Medical charts provide healthcare providers a glimpse into a patient’s medical history and provide vital details to help clinicians make sound care decisions.
A medical chart is a thorough record of a patient’s medical history and clinical data. Information such as demographics, vital signs, diagnoses, surgeries, medications, treatment plans, allergies, laboratory results, radiological studies, immunization records is included.
Several healthcare professionals can add information to medical charts, including physicians, nurses, radiological technicians, laboratory technicians, and other members of a healthcare team. Complete medical charts help ensure patients receive the best care possible.
What Information is Included in the Medical Chart?
Medical charts contain medically relevant events that have happened to a person. A good medical chart will paint a clear picture of the patient. It also provides vital information to allow healthcare practitioners to make sound decisions based on the information contained in the record.
Medical charts include:
- Demographics – name, contact information, age, etc.
- Developmental History – growth charts, motor development, cognitive development, social/emotional development, language development, etc.
- Immunization Records – vaccinations and dates
- Medical allergies
- Surgical history – operation dates, reports
- Obstetric history – the number of pregnancies, complications, pregnancy outcomes
- Family History – immediate family health status, the cause of death, common family diseases
- Social History – past and current occupations, community support, etc.
- Habits – alcohol consumption, exercise, diet, smoking, sexual history
At each medical encounter, the following information will be added to the patient’s chart:
- Chief complaint
- History of present illness
- Physical exam (vital signs, organ system overview, etc.)
- Assessment and plan (diagnosis and treatment)
- Orders (lab, radiological, etc.)
- Progress notes
- Test results (lab testing, imaging results, etc.)
Who Has Access to a Medical Chart?
Individual medical charts must be treated with extreme care. Only the patient and the healthcare team members involved in their care are allowed to view or add to a medical chart.
Medical charts belong to the patient. He or she has the right to make sure the chart is accurate and can grant another party access to the chart. If a patient finds inaccuracies in their chart, they can petition their providers to make amendments to ensure accurate medical records.
What is an EHR?
An electronic health record, or EHR, is best described as a digital version of a patient’s medical chart.

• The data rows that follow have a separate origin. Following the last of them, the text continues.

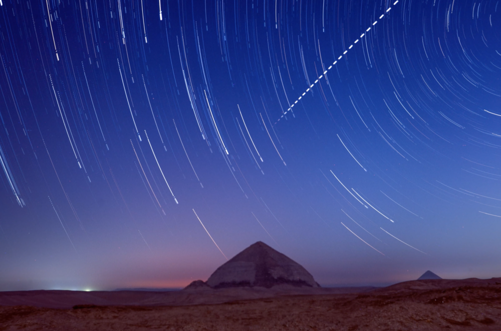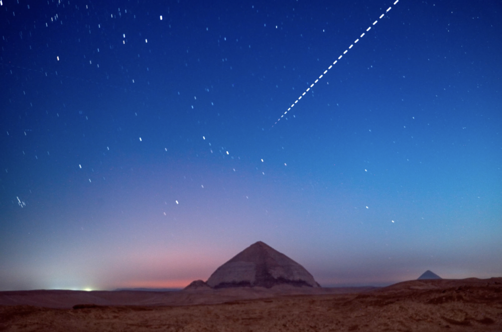 当地时间11月26日,中国空间站犹如一颗美丽的流星,飞过埃及有着4500多年历史的弯曲金字塔上空,两大古老文明完成了一次跨时空的对话。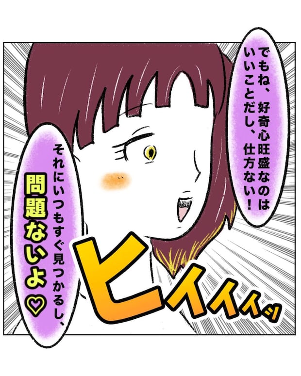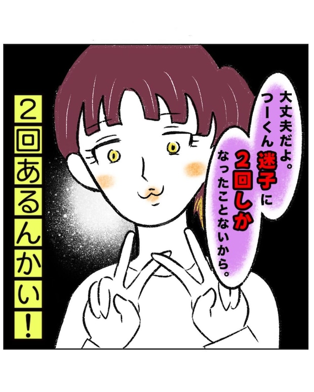 「でもね、好奇心旺盛なのはいいことだし、仕方ない!それにいつもすぐ見つかるし、問題ないよ!」と迷子になったことを全く気にしていないつーくんママにまるさんは唖然。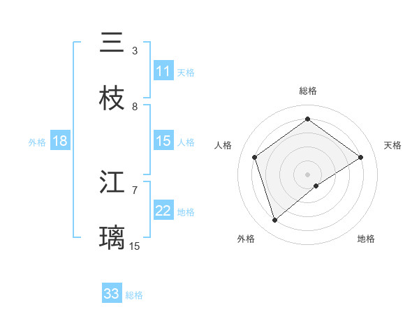 三枝 江璃さんを姓名の画数から五運を鑑定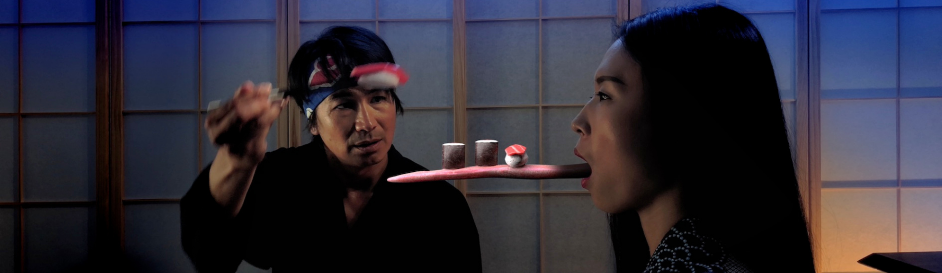 Yoshizumi Nagaya, a Japanese sushi chef, sits at his table at home in the evening. It is raining cats and dogs. Suddenly someone knocks at the door and there is a petite young woman.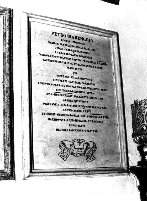 - ISCRIZIONI PETRO. MARENGHIO/ DOCTORI. THEOLOGO/ PARMAE. PRAEPOSITO. AEDIS. PRINCIPIS/ - lettere capitali -

EHRs are real-time records that make health information available instantly.
EHRs can share information quickly and securely between a patient’s entire care team. EHRs are built to share medical information between physicians and other healthcare providers such as laboratories, specialists, medical imaging facilities, emergency facilities, schools, and pharmacies to provide a clear picture of a patient’s history to make smart care decisions.

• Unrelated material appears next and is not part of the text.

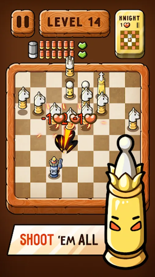 Unleash the power of the Shotgun King in this unique twist on classic chess! Stay alive, fight back, and collect gold to dominate the chessboard. Choose from a vast arsenal of weapons, navigate challenging levels, and outwit difficult bosses. With survival mode, endless mode, and over 40 levels, this popular logic game is perfect for beginners and chess enthusiasts of all ages. Download now and witness the chess king conquer with a shotgun!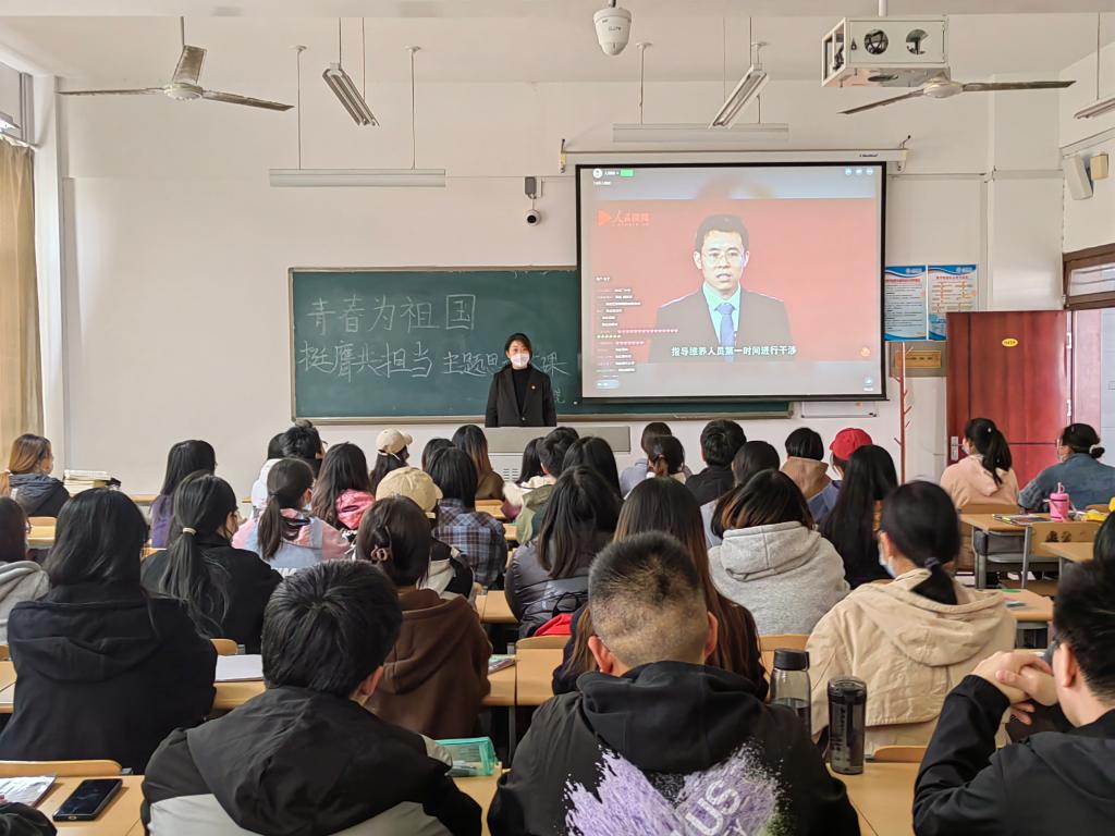 为深入贯彻落实习近平新时代中国特色社会主义思想,持续学习宣传贯彻党的二十大精神,3月23日下午,太阳成官网组织师生观看由中央网信办网络传播局、教育部思想政治工作司指导开展的“青春为祖国 挺膺共担当”主题思政大课。聆听党的二十大代表、知名高校思政教师、优秀青年大学生等讲述新时代青年的理想与追求。直播邀请了嫦娥五号交会对接微波雷达主任设计师贺中琴,南京航空航天大学马克思主义学院徐川老师,清华大学博士刘迪波学长,中国共产党历史展览原讲解员纪洲丽等嘉宾讲授。

EHRs also provide support for other care-related activities such as easy access to evidence-based decision support, instant information on medications, quality management, and more.
How Do EHRs Help?
Having access to electronic medical records gives physicians instant access to vital health information to make the best possible care decisions.

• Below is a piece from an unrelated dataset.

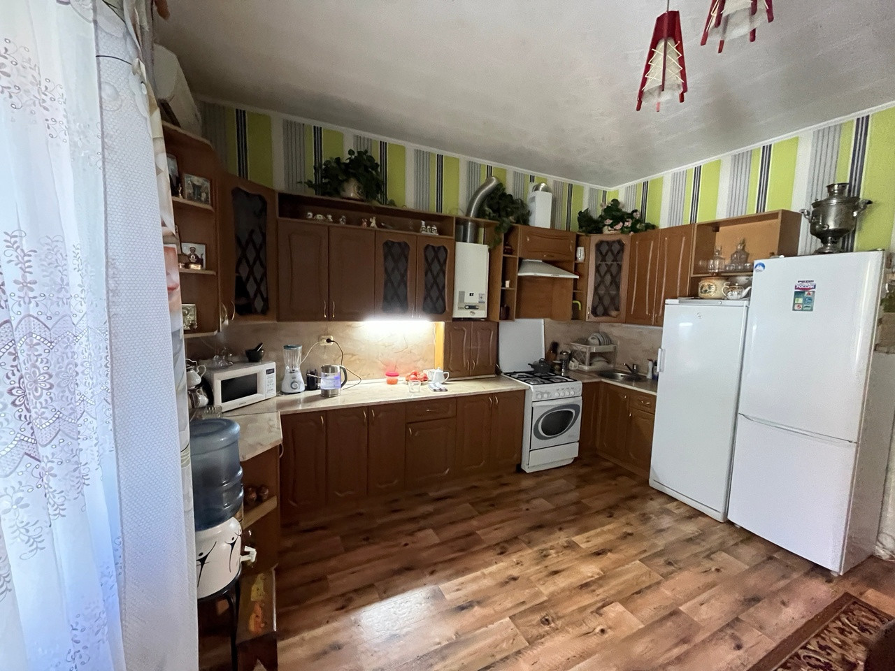 В шикарном месте, отличный дом, рядом озеро,школа, детский сад, различные магазины и косметические услуги, автобусная остановка. Асфальтированные подъездные пути. С большим земельным участком, к которому можно подъехать с двух сторон, огромный потенциал для Бизнес идей. А так же размежевать и построить еще один дом. Есть гараж, баня, теплицы, столярная мастерская со своим погребом, различные плодово ягодные деревья, кустарники, цветы. Все удобства в доме, высокие потолки. Встроенная кухня останется новому владельцу, по договоренности остальная мебель.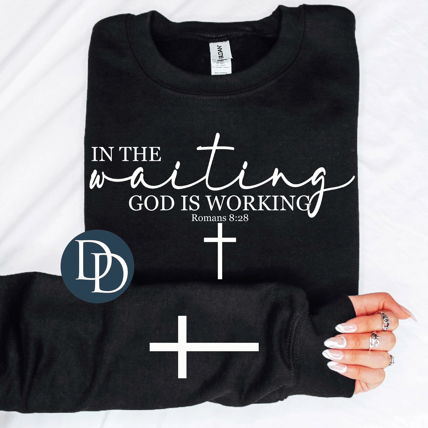 Unisex sweatshirt with a white screen printed design.

EHRs are useful in many ways such as:
- Reducing medical errors in charts due to poor penmanship
- Improving accuracy and clarity of coordination of care
- Making health information easily accessible, reducing test duplications and treatment delays
- Allowing patients to see their records and make needed changes to ensure accurate records
- Guarantees medical charts are never lost and easily accessible
Whether paper or electronic, medical charts follow patients where they go, and accurate records are key to providing excellent medical care.